In the present study, APTT was prolonged in both groups probably due to fast infusion within a short period of time, resulting in dilution of the clotting factor. Besides, high-dose gelatin infusion may increase the fibrinogen level.28 According to one study, colloid-induced hemodynamic changes during fluid resuscitation are only temporary but may induce acute kidney injury29 and coagulation disorders.28 The incidence of these AEs increases as the cumulative dose increases. Another study compared perioperative infusion of colloids and crystalloids in cardiac surgery patients and found no significant correlation between the infusion of either and postoperative acute kidney injury and mortality.30 Moreover, preoperative fasting and restricted drinking and the side effect of Succinyl gelatin may also cause hemodynamic change,5,6,25 which may prolong APTT. Therefore, individualized fluid management plan should be adjusted and optimized intraoperatively based on the monitoring of patients’ conditions and other indicators, so as to facilitate patient recovery and reduce complications.16,17,22–25 A clinical protocol for individualized fluid management of SG-MESAI is awaiting to be established.

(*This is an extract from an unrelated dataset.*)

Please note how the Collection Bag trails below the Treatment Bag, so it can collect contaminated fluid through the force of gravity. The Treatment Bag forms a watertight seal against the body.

However, we only discussed the clinical efficacy and safety of SG-MESAI and SGI in the perioperative period for the current study, but the further follow-up or long-term prognosis still need to be performed. In addition, SG-MESAI has been neither extensively applied in clinical practice nor adequately studied. An optimization of SG-MESAI based on patients’ needs requires an in-depth investigation.

Conclusion

Compared with Succinylated Gelatin Injection, Succinylated Gelatin, Multiple Electrolytes and Sodium Acetate Injection achieved the desired volume expansion more rapidly in non-cardiac surgery patients under general anesthesia with a better maintaining of the balance of BE, Cl, pH value, and HCO3⁻concentration. The experimental medication and control medication shared similar safety profiles, and neither caused SAEs or SARs. However, hypocalcemia, hypokalemia and prolonged APTT were common AEs in the two groups. The long-term prognosis of patients was not studied in our trial, and an observation is needed in the long run.

Data Access Statement

The protocol and unidentified patient data can be acquired from the corresponding author on reasonable request.

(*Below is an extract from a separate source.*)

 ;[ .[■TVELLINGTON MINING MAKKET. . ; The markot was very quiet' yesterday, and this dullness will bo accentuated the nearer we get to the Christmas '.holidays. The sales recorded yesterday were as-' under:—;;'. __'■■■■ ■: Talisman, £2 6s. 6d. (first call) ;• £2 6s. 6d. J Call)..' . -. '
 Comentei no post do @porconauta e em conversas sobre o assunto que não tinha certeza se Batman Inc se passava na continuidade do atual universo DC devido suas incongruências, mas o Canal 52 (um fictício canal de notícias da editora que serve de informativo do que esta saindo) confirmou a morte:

Ethics Approval and Consent to Participate

The five participating centers included in this study and the related ethical approval numbers were as follows: First Affiliated Hospital of Guangzhou Medical University (No. EC-2022-046(YW)-03), Second Affiliated Hospital of Guangzhou Medical University (No. Y2022-56-02), Fourth People’s Hospital of Chongqing University (also named: Chongqing University Central Hospital, No. 2023-Ethics-006)), Second Affiliated Hospital of Chongqing Medical University (No. 2023-Ethics-003), and Third People’s Hospital of Huizhou (No. AF/SW-07/01.1). All subjects signed their names on the written informed consent before participation in this study, and all procedures of this study were in compliance with the tenets of the Helsinki Declaration.

Consent for Publication

All patients gave written informed permission for the study’s publication.

Acknowledgments

We thank Haixiao Yang for his help and resources for this research.

Funding

This study received no funding for this study.

Disclosure

The authors declare that they have no competing interests in this work.